We expect the loss of patients by birthing at other centres to be rare, as our hospital is a referral centre for high-risk pregnancies for smaller regional hospitals. The closest hospital able to deliver high-risk pregnancies is more than 90 km from BHS. We did not see women expected to deliver at the local private hospital.

Patients were analysed on an intention-to-treat basis irrespective of the adherence to therapy. Since our patients were treated contemporaneously and by the same group of health professionals, our study is unlikely to be confounded by evolving medical practises.
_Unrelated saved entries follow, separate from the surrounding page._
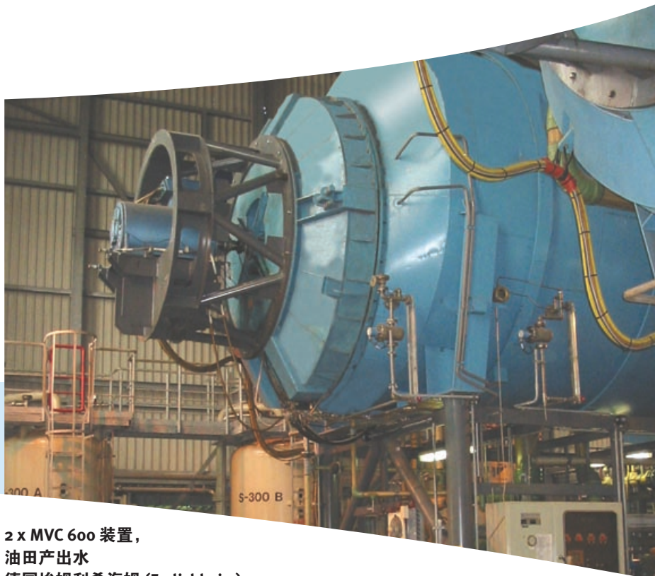
2 x MVC 600 装置， 油田产出水 德国埃姆利希海姆 (Emlichheim) 温特歇尔 (Wintershall)
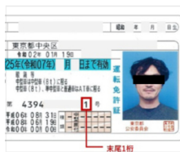
恐ろしい…「運転免許証番号」でわかる、とんでもない事実 幻冬舎ゴールドオンライン 3/29(月) 11:31
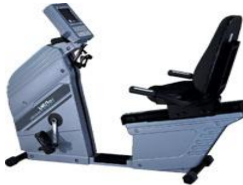
コードレスバイク
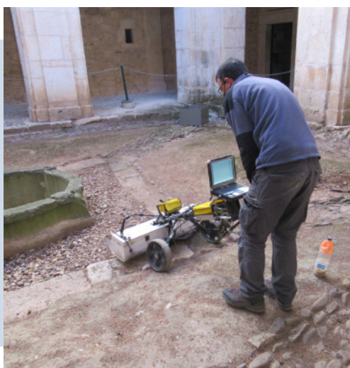
Trabajos de georadar en el Claustro Menor del Monasterio de San Pedro de Arlanza en Hortigüela. Burgos.

La obtención del certificado está condicionada por la asistencia presencial a un mínimo de 80 % del seminario.
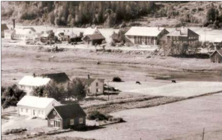
Gammelskolen på 1950-tallet, Gården Folkvang bak

Skolen på Mælan dekket helt fra starten bare Sørfjorden fra Kleiva til Bjørnsvika på grunn av manglende veiforbindelser. Elevtallet var 54 i 1874 og med 18 uker undervisning. Skoleåret var i vinterhalvåret.
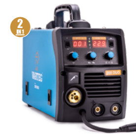
VAREG 200 DUO Арт. 6562

автоматическая настройка режимов работы работа от 150 В разъем для Spool Gun байонет 35-50 мм
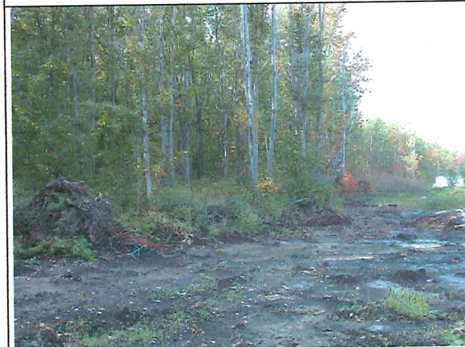
# 5 Description : Positionné à la limite Sud du lot vue en direction Sud Ouest.
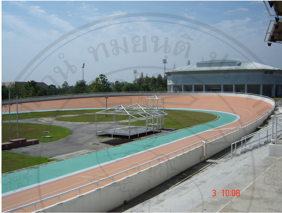
ตัวอย่างสนามจักรยาน (Velodrome)
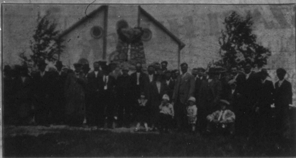
Emlékoszlop szentelési ünnepség Szent László telep 25 éves jubileumán. — Képünk a r. kath templomot az emlékoszloppal, valamint a résztvevők egyik csoportját ábrázolja.
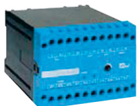
Schede di frenatura (1,5 - 160 KW)
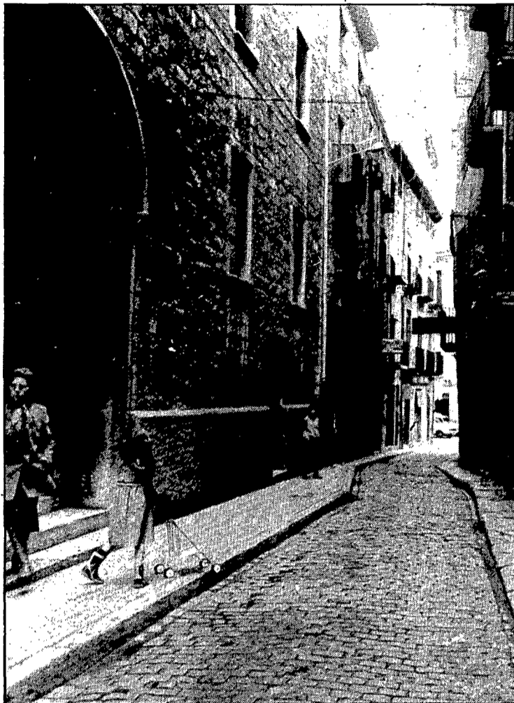
L'església del Mercadal presideix el carrer, i li ha donat nom.
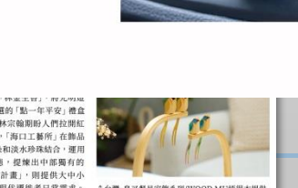
↑台灣·鳥又翼家具師系列

北極熊、北極熊、北極熊... 台中原創城市品牌獲選商品展售活動，將於8月20日至28日在臺中大遠百北棟8樓展售。現場將有33組優質文創商品，包括木器、陶瓷、文具、服飾等，展現台中在地文化創意。活動期間還將有現場派送活動，數量有限，送完為止。歡迎民眾前往參觀選購，支持在地原創產業。
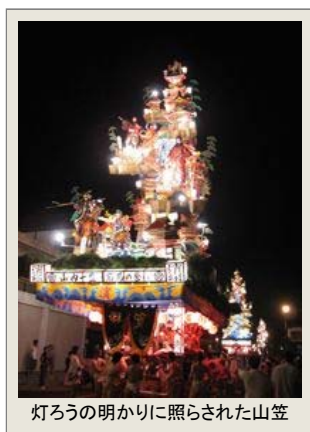
灯ろうの明かりに照らされた山笠
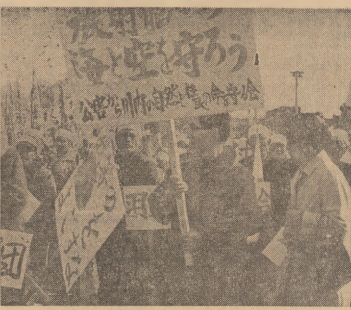
JAPONIA: Demonstrație a pescarilor din Kagoshima împotriva poluării apelor.

Experții precizează că la originea acestor teme se află intenția statelor membre ale Pieței comune de a ridica prețul oficial al aurului, în cadrul tranzacțiilor dintre ele, la un nivel mai apropiat de cel al pieței libere, precum și neîncrederea tot mai accentuată în monedele de hirtie. Acest din urmă factor s-a făcut simțit prin menținerea cursului metalului galben la nivelurile ridicate așine luni. La Paris, dolarul a coborât, atât pe piața comercială (oficială) cît și pe cea financiară (accesibilă turșilor), sub paritatea în vigoare în a doua devalorizare a sa, operată în februarie 1973. De la cursurile de 4,98 și 5,08 franci existente luni seara în cursul tranzacțiilor din operațiunile militare din octombrie 1973 și faptelor de arme ale soldaților egipțieni. Discursul președintelui Sadat a fost urmat de o expunere a ministrului de război Ahmed Ismail, în legătură cu același eveniment. La încheierea reuniunii au fost decorați și avansați în grad un mare număr de militari.
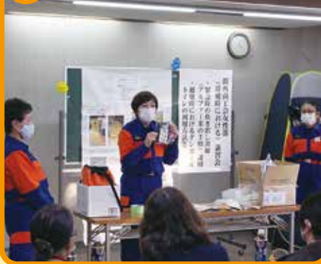
災害用トイレの説明
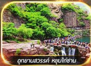
อุทยานสวรรค์ หยุนโก่ซาน
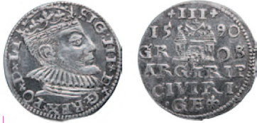
Речь Посполитая. Сигизмунд III Ваза. Тройной грош. Рига. Серебро. 1590 г. 21 мм
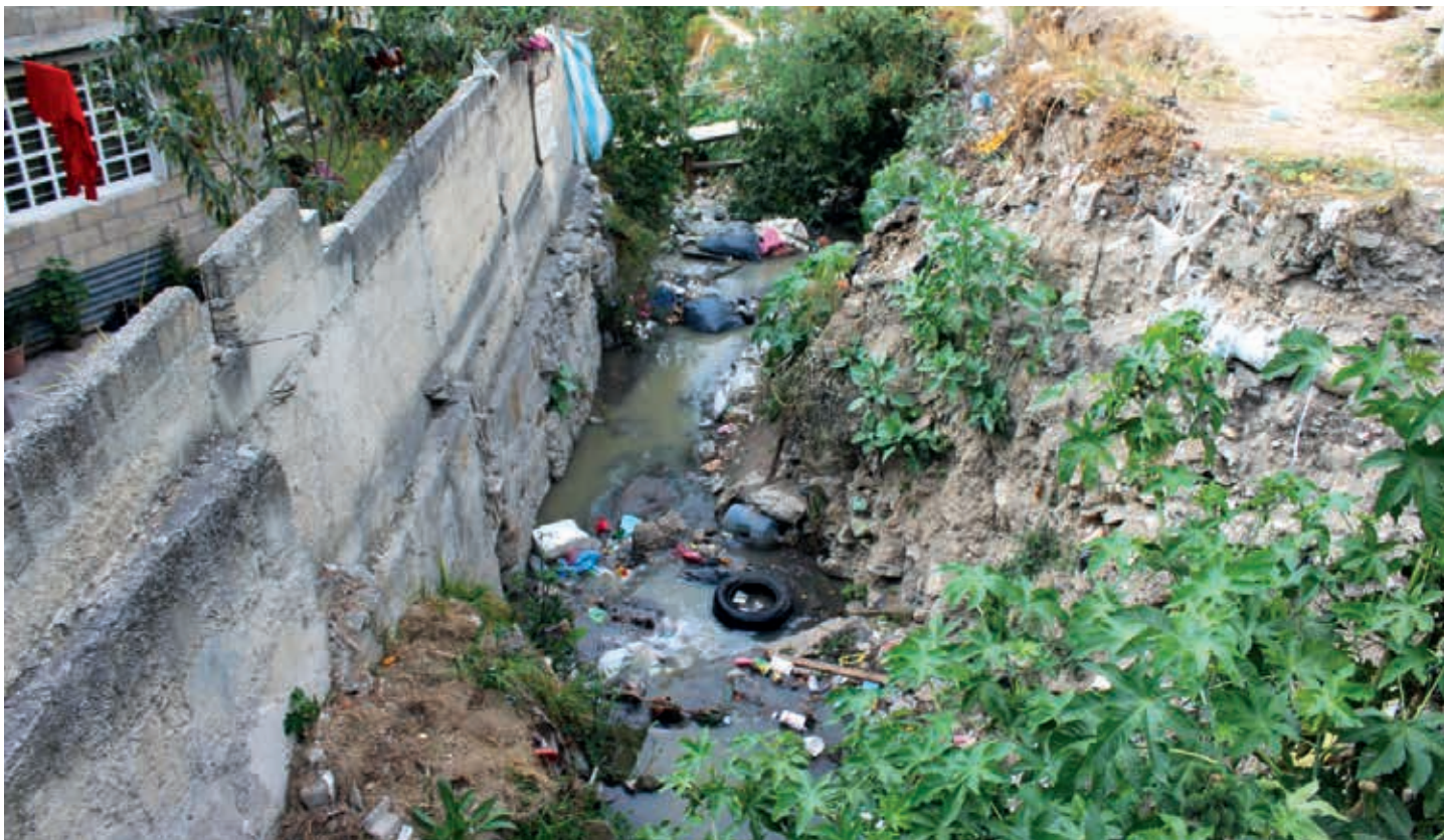
Familias de las colonias Vicente Guerrero Primera sección, La Y griega, Libertad, Ampliación libertad, Jiménez Cantú, Aquiles Córdova, Wenceslao Victoria Soto, Espartaco, San Isidro La Paz, Bosques de la Colmena, Juárez Barrón, Magú, El Vidrio, San Juan Tlihuaca, Balcones de Santa Ana y Granjas Guadalupe han solicitado el entubamiento de los ríos aguas negras que cruzan por sus comunidades y les provocan enfermedades gastrointestinales, de la piel y ojos, inclusive la muerte.

It is our view that our study design is particularly suited to the study of GDM. This method, which can be performed in retrospective and prospective cohorts, will allow other centres with differing populations and obstetric practices to assess the local effectiveness of GDM treatments. Furthermore, this quasi-experimental design may be suitable to evaluate the effects of GDM interventions on childhood adiposity and glucose tolerance.

5. Conclusions

Treatment of GDM women screened using IADPSG/WHO guidelines with tight treatment target reduces LGA outcomes, and caesarean section rates when compared to non-GDM patients just below the diagnostic thresholds. The treatment response upon caesarean section rates appear to be modified by obesity with GDM women with BMI ≥30 kg/m² having reductions in rates, but there was no suggested benefit in GDM women with BMI <30 kg/m². This is at the expense of slightly earlier gestational age at delivery, and increases in induced deliveries, notations of neonatal hypoglycaemia, and medication usage.

We believe this multiple cut-off regression discontinuity study design is an ideal method to investigate the treatment effects upon mild GDM when RCTs are impractical. This design is uniquely suitable for the investigation for GDM due to the unusual feature of GDM: a continuous linear relationship between maternal plasma glucose and clinical outcomes.